5.2.4 Speech Input LLM Output
Feature Introduction
This section introduces how to integrate Automatic Speech Recognition (ASR) with Large Language Models (LLM) to build a complete inference pipeline: speech input → text transcription → text understanding → text output. By combining local speech recognition engines with local LLMs provided by Ollama, you can build an intelligent speech interaction system that runs completely offline without requiring internet connectivity.

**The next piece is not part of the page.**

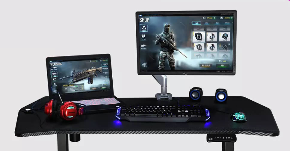 โต๊ะคอมพิวเตอร์ Loctek Electric Standing Desk ออกแบบมาอย่างโฉบเฉี่ยวเหมาะสำหรับเกมเมอร์ บนพื้นโต๊ะเป็นลายคาร์บอนไฟเบอร์ รองรับน้ำหนักสูงสุด 70 กิโลกรัม และมีจุดเด่นที่สามารถปรับระดับความสูงได้ โดยมีปุ่มควบคุมอยู่ทางขวามือ พร้อมจอแสดงผลบอกระดับความสูง สามารถปรับความสูงได้ในช่วง 71 – 121 เซนติเมตร

One-Click Deployment (Optional)
We provide a one-click installation deployment package that supports rapid integration and execution.
Please ensure the device firmware version ≥ 2.2 Firmware download address: https://archive.spacemit.com/image/k1/version/bianbu/
Installation
sudo apt update
sudo apt install asr-llm
Startup
# Enter in terminal:
voice
The first run will automatically download the Automatic Speech Recognition (ASR) model, with cache directory located at:
~/.cache/sensevoice
Preparation
If you need to run manually from source code, you can execute the following steps:
Clone Code
git clone https://gitee.com/bianbu/spacemit-demo.git
cd spacemit_demo/examples/NLP
Install Environment Dependencies
sudo apt install python3-venv
python3 -m venv .venv
source .venv/bin/activate
pip install -r requirements.txt
Model Creation
sudo apt install wget
wget https://modelscope.cn/models/second-state/Qwen2.5-0.5B-Instruct-GGUF/resolve/master/Qwen2.5-0.5B-Instruct-Q4_0.gguf -P ./
wget https://archive.spacemit.com/spacemit-ai/modelfile/qwen2.5:0.5b.modelfile -P ./
wget http://archive.spacemit.com/spacemit-ai/gguf/qwen2.5-0.5b-fc-q4_0.gguf -P ./
wget http://archive.spacemit.com/spacemit-ai/modelfile/qwen2.5-0.5b-fc.modelfile -P ./
ollama create qwen2.5:0.5b -f qwen2.5:0.5b.modelfile
ollama create qwen2.5-0.5b-fc -f qwen2.5-0.5b-fc.modelfile
Detect Recording Device
Refer to the Recording Device Detection section to check the available recording devices in the system.
Run Code
Execute the following command to run the complete speech-to-text → large model inference pipeline:
After detecting the recording device, you need to modify the device index in the file to the current actual index. The default device index in the file is 3.
python 06_asr_llm_demo.py
After the user speaks, the system will:
- Automatically record and perform speech recognition (integrated VAD)
- Pass the recognized text to the locally deployed large language model (such as Qwen)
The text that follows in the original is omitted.